Closed vitruvi closed 2 years ago
Hi,
thanks for trying out our package! But I'm surprised that the CUDA driver seems to be incompatible with the PyTorch version.
Let me propose two potential solutions. The first one would be to install the latest PyTorch version:
For this, you can open a terminal within jupyter lab, and run:
pip3 install torch torchvision torchaudio --extra-index-url https://download.pytorch.org/whl/cu113
or you run it within the notebook "1_inspect_data.ipynb":
!pip3 install torch torchvision torchaudio --extra-index-url https://download.pytorch.org/whl/cu113
Then, if you restart the kernel of the notebook, everything will work, hopefully.
If that still leads to the same error message, you could consider downgrading your CUDA driver on your system to version 11.3, and then re-building the container.
Let me know if it works or if you have any questions!
Konstantin
I have the same error and the pip install sadly does not help. I also can't downgrade from Cuda 11.7 to 11.3 as the driver does not support it. I use the GPUs without problems in a conda environment with cudatoolkit 11.3, so it seems to be a docker problem. I don't see a real solution though, as PyTorch also does not (yet) support Cuda 11.7...
Hi - yes that could be a Docker problem. @cblessing24, would you have an idea of how to solve it?
You are probably missing NVIDIA Container Toolkit. This package is necessary to use GPUs in Docker containers. Please install it and report back.
Problem persists in my case. Same as my first message after installing docker nvidia container toolkit.
Did you verify that you can use GPUs in a container after installing the toolkit? What is the output of the following command?
sudo docker run --rm --gpus all nvidia/cuda:11.0.3-base-ubuntu20.04 nvidia-smi
Yes, nvidia-smi works on docker.
+-----------------------------------------------------------------------------+ | NVIDIA-SMI 470.129.06 Driver Version: 470.129.06 CUDA Version: 11.4 | ...
Can you post the whole output here please?

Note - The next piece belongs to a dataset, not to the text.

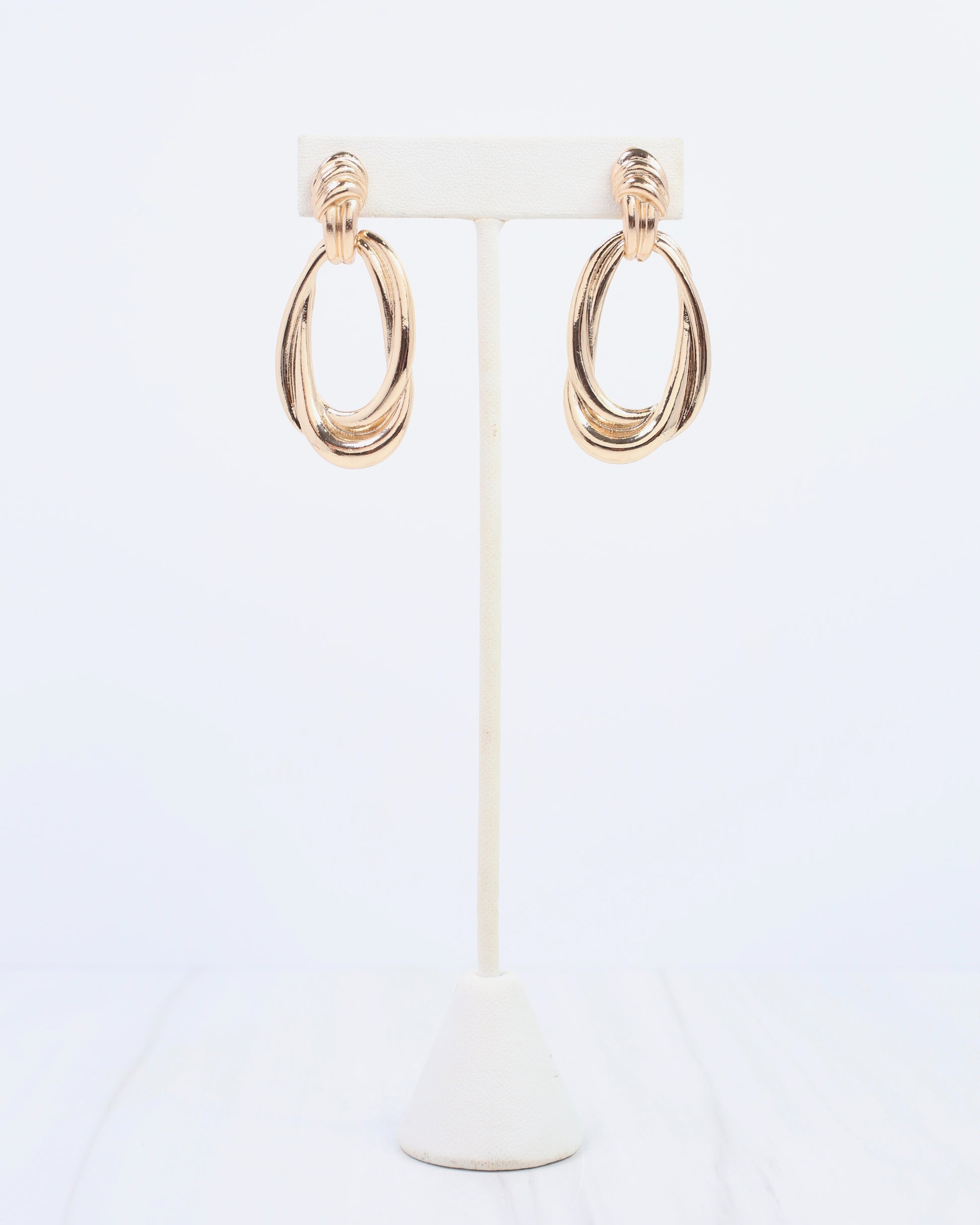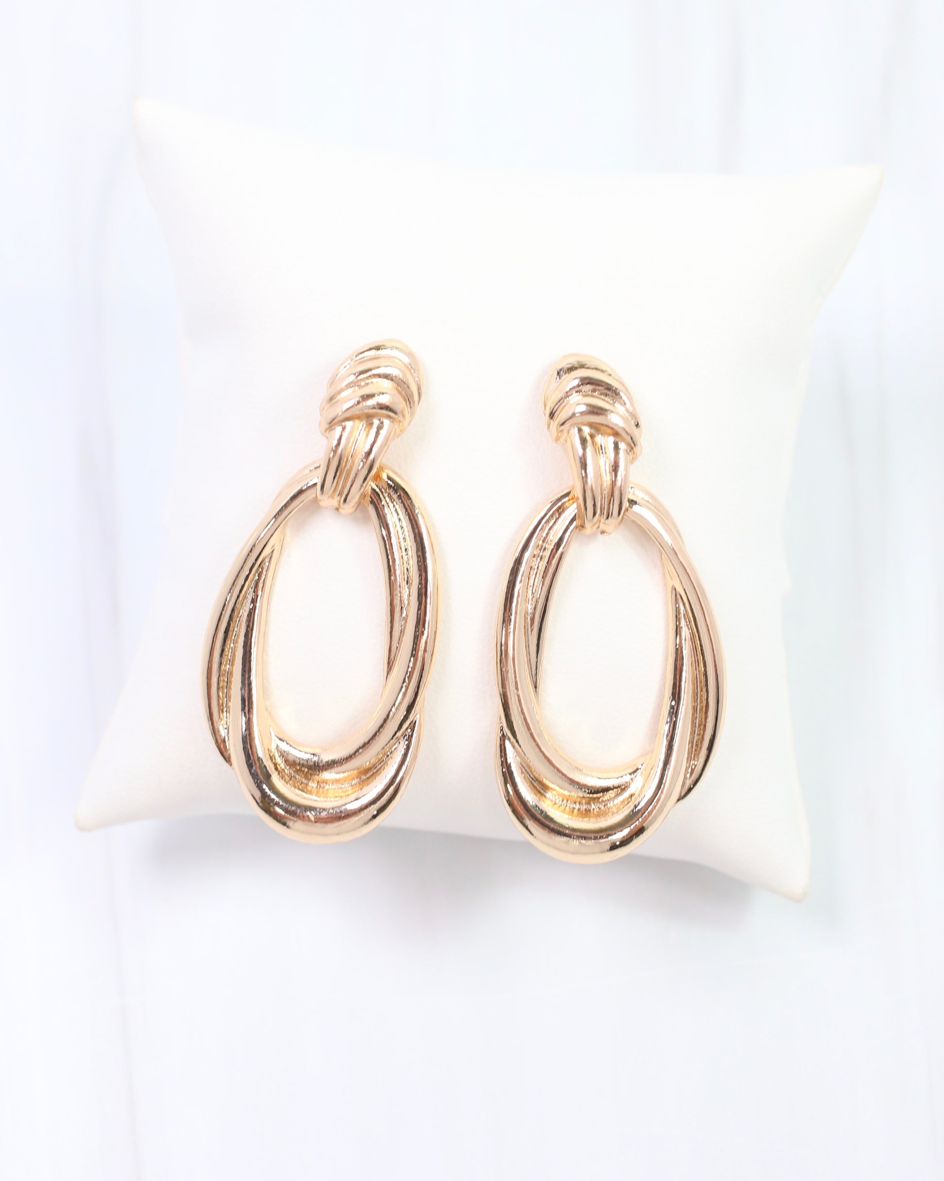 The Durango Drop Earring in Gold showcases an elongated door-knocker design with a polished, chic finish. Its secure post features a swingy drop that adds movement and modern flair, making it a stylish accessory for any fashionable look.
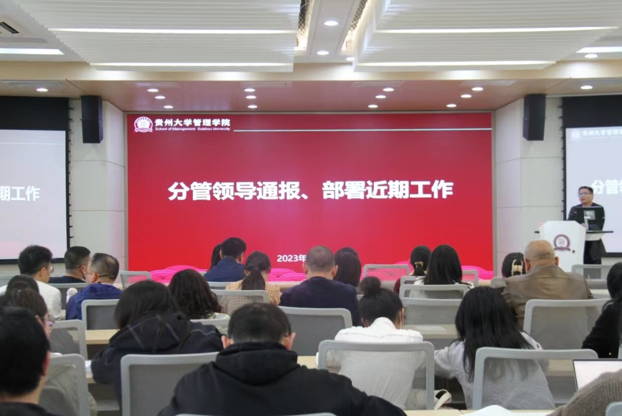 会议第一项议程是由贵州大学党委正处级组织员、管理学院党委副书记(主持党委工作)周莉莉教授首先传达了今年107日至108日在北京召开的全国宣传思想工作会议精神,同时详细介绍了1018日召开的全省高等教育高质量发展大会的学习内容,特别引用了省委书记徐麟在会上的讲话,强调要充分考虑我省人口结构变化和高质量发展需求,深入推进高校布局调整,集中力量做强贵州大学,推动本科高校突出优势、错位发展,推动高职院校产教融合、扩容提质,加快形成支撑现代化建设的高等教育新格局。会议还进一步传达了省第十三次党代会的主要精神,强调,在现代化建设新征程上,高质量发展是贵州全部工作的主题,要坚持以高质量发展统揽全局,全方位推动高质量,全过程聚焦高质量,全要素服务高质量。

Okay, I think I was able to reproduce the issue. I changed my docker-compose.yml
file to this to fix it:
version: '3.4'
services:
jupyterlab:
image: sensorium
build:
context: .
volumes:
- .:/project
- ./notebooks:/notebooks
environment:
- JUPYTER_PASSWORD=
deploy:
resources:
reservations:
devices:
- capabilities: ["gpu"]
Sources: https://docs.docker.com/compose/gpu-support/ https://github.com/compose-spec/compose-spec/blob/master/deploy.md#devices
Gives the error below.
ERROR: The Compose file './docker-compose.yml' is invalid because: services.jupyterlab.deploy.resources.reservations value Additional properties are not allowed ('devices' was unexpected)
Which version of docker-compose are you using? I am using 2.6.1.
Yeah that is the problem. "apt" installs 1.25 version on ubuntu 20.04. docker-compose should be installed manually. Now it works out of the box.
docker-compose version 2.6.1 can be listed as a requirement on main page.
Great to hear that this problem is fixed! For other discussions, also feel free to join our slack community (link can be found here https://sensorium2022.net/home in the contact section).
After installing docker, docker-compose and exec'ing "docker-compose run -d -p 10101:8888 jupyterlab", when I run "1_inspect_data.ipynb", I get the error below.
"" RuntimeError: Found no NVIDIA driver on your system. Please check that you have an NVIDIA GPU and installed a driver from http://www.nvidia.com/Download/index.aspx ""
My specs are Ubuntu 20.04, docker version 20.10.16, rtx 2070 graphics card and cuda installed on the system (Driver Version: 470.129.06 CUDA Version: 11.4) apart from docker. How can I solve this problem?